Smoothness and the Dickman-de Bruijn Function

In the factorization business, the most important property is smoothness. We say an integer is \(y\)-smooth if all its prime factors are \(\le y\). The probability that a random number is \(y\)-smooth is given by the Dickman function \(\rho(u)\), where \(u = \ln X / \ln y\) is the ratio of total digits to smooth digits.

The function is defined by the delay-differential equation: \[u\rho'(u) + \rho(u-1) = 0, \text{ with } \rho(u)=1 \text{ for } 0 \le u \le 1\]

As \(u\) increases, the probability of smoothness plummets.

  • For small \(u\) (e.g., \(u=2\)): Roughly 30% of numbers are \(N^{1/2}\)-smooth. These are the balanced numbers (like RSA keys) and they are relatively common.
  • Large \(u\) (e.g., \(u=10\)): Only 1 in \(10^{13}\) numbers are \(N^{1/10}\)-smooth. If you’re looking for a 10-digit factor in a 100-digit number, you are fighting these odds.

The Largest Prime Factor: Golomb–Dickman

If we pick a random number and factor it completely, what is the size of the boss—the largest prime factor \(P_1(X)\)?

The expected fraction of digits of the largest prime factor relative to the total digits of \(N\) is the Golomb–Dickman constant: \[G = \int_0^\infty \rho(u) du \approx 0.624329...\]

This means that for your random 100-digit number, you should expect the largest prime factor to be roughly 62 digits long.
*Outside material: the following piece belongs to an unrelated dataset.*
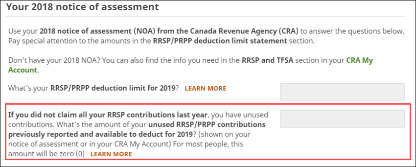 Note: If you’re downloading your information into your return from the Canada Revenue Agency (CRA)’s website using the AFR service, your RRSP contributions, deduction limit, and any unused amounts will also automatically download into your return.

This constant is a fundamental limit on why we need sophisticated sieving like QS or GNFS—because trial division will never reach that 62-digit titan.

The Decay Table

To summarize the landscape, here is how the probability of finding a \(\le B\)-smooth 100-digit number \(N\) decays as \(B\) gets smaller. This is the probability that none of the prime factors of \(N\) exceed the bound \(B\).

\(u\) \(B\) (Smoothness) \(\rho(u) \approx\) The Factorizer’s Reality
1 \(10^{100}\) \(1.0\) Every number is \(N\)-smooth.
2 \(10^{50}\) \(0.306\) Balanced semiprimes live here. Hard for Pollard.
3 \(10^{33}\) \(0.048\) ECM starts to excel here.
4 \(10^{25}\) \(0.0049\) Pollard’s Rho finds these in minutes.
6 \(10^{16}\) \(1.9 \times 10^{-5}\) Rare easy numbers; Rho finds these in seconds.
10 \(10^{10}\) \(2.7 \times 10^{-13}\) Virtually impossible to be this smooth.

Appreciating this table is the transition between Dark Ages guesswork and modern algorithmic strategy.

The Dark Ages and the Foundation of Magic

Before we can appreciate the Magic of sub-exponential algorithms, we must understand why the old ways fail and the mathematical bedrock upon which modern factorizers are built.

The Complexity of the Dark Ages

The most primitive method of factorization is Trial Division: checking every integer \(d \in [2, \sqrt{N}]\) to see if \(d\) divides \(N\). (Or every \(d\) so that \(d<N/d\) to avoid computing an “expensive” square-root as my 1970s CS teacher explained!)

The complexity is the tragedy here. If \(N\) has \(n\) digits, trial division is \(O(\sqrt{10^n}) = O(10^{n/2})\). This is exponential complexity in terms of the input size \(n\).

Consider a 100-digit RSA-style semiprime: \(\sqrt{N} = 10^{50}\). Even if your computer could perform \(10^{15}\) divisions per second (a massive supercomputer cluster), it would take \(\approx 3.17 \times 10^{27}\) years to find the factor.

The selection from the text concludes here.